Spark的中,通过netty实现了类似akka的actor机制。

在spark中,一个EndPointData就类似一个akka中的actor。

private class EndpointData(
    val name: String,
    val endpoint: RpcEndpoint,
    val ref: NettyRpcEndpointRef) {
  val inbox = new Inbox(ref, endpoint)
}
           

一个EndPointData由name,endpoint,ref,inbox四个成员组成。

其中name为该actor的名称,endpoint处理远程消息的处理,ref则为远程消息调用时客户端的目标对象,inbox则为endpoint处理消息来源时的消息存放信箱。

val executorData = executorDataMap(task.executorId)
executorData.freeCores -= scheduler.CPUS_PER_TASK

logDebug(s"Launching task ${task.taskId} on executor id: ${task.executorId} hostname: " +
  s"${executorData.executorHost}.")

executorData.executorEndpoint.send(LaunchTask(new SerializableBuffer(serializedTask)))
           

举一个例子,当driver端向executor端下发task的时候,在CoarseGrainedSchedulerBackend中将会根据任务需要执行的所在executorId寻找得到相应的EndPointData,之后得到EndPointData下的ref调用send()方法即完成了一次远程调用,而调用的具体task数据将会被序列化,并包装在LaunchTask中,LaunchTask类似actor模型下对应的动作。

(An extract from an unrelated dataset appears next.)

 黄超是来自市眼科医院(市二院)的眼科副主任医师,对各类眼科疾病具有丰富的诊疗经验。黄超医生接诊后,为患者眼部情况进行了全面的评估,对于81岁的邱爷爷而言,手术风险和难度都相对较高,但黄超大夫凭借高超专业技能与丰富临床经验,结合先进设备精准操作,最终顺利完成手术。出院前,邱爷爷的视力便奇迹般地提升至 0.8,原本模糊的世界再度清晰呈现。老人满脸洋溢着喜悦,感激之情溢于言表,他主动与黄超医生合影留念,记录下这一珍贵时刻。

其中,ref为远程executor在向driver端注册executor的时候序列化后,在driver处反序列化的。在其send()方法中,会构造一条RequestMessage。

override def send(message: Any): Unit = {
  require(message != null, "Message is null")
  nettyEnv.send(new RequestMessage(nettyEnv.address, this, message))
}
           

RequestMessage包含了调用方的远程地址,该ref本身供远程寻找具体的endpoint进行操作,和上述的具体消息。

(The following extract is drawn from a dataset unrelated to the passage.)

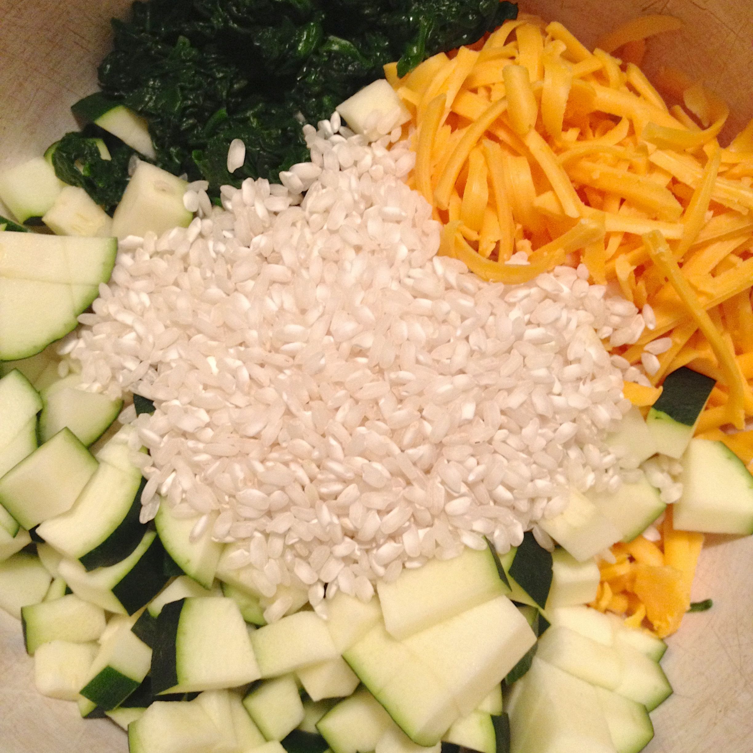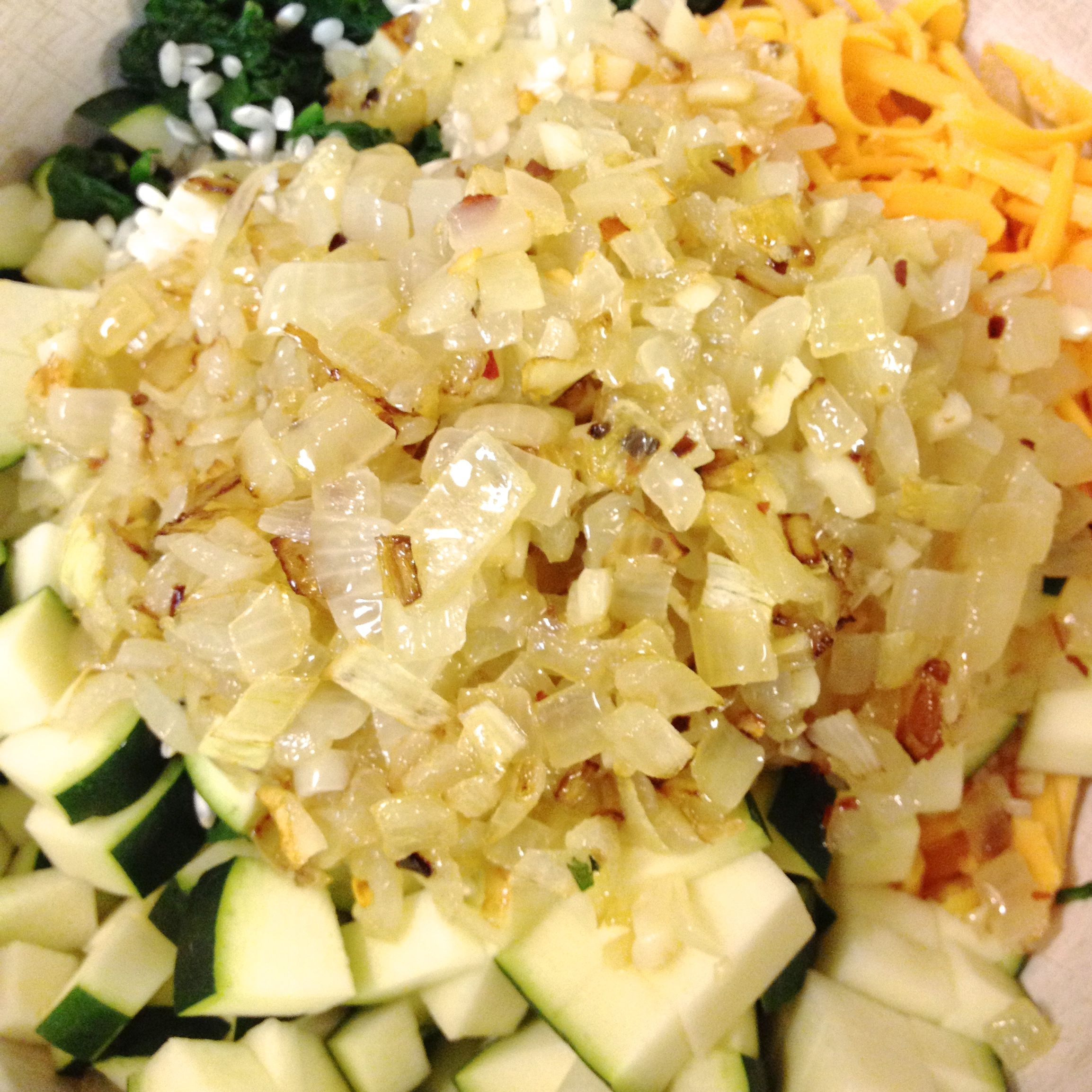 Into a large bowl, add the chopped spinach, zucchini, cheddar, rice, salt, pepper, and cooled onion mixture.

private def postToOutbox(receiver: NettyRpcEndpointRef, message: OutboxMessage): Unit = {
  if (receiver.client != null) {
    message.sendWith(receiver.client)
  } else {
    require(receiver.address != null,
      "Cannot send message to client endpoint with no listen address.")
    val targetOutbox = {
      val outbox = outboxes.get(receiver.address)
      if (outbox == null) {
        val newOutbox = new Outbox(this, receiver.address)
        val oldOutbox = outboxes.putIfAbsent(receiver.address, newOutbox)
        if (oldOutbox == null) {
          newOutbox
        } else {
          oldOutbox
        }
      } else {
        outbox
      }
    }
    if (stopped.get) {
      // It's possible that we put `targetOutbox` after stopping. So we need to clean it.
      outboxes.remove(receiver.address)
      targetOutbox.stop()
    } else {
      targetOutbox.send(message)
    }
  }
}
           

在包装好了的具体消息,如果该次消息为远程调用,将会判断是否已经完成了对应远程地址的netty客户端,如果已经完成了对应客户端的创建,将会直接发送,否则将会构造一个对应客户端的outbox缓存将要发送的数据,outbox中维护了一条队列用来存放等到发送的消息,直到对应客户端初试化完成后将会把outbox中的消息通过对应的netty客户端发送。

到executor观察其如何进行监听并处理相关的远程调用。

远程调用的主要处理在于Dispatcher类,其生成与封装在NettyRpcEnv的初始化过程中,NettyRpcEnv的初试化随着整个SparkEnv的初始化被调用。

private val dispatcher: Dispatcher = new Dispatcher(this, numUsableCores)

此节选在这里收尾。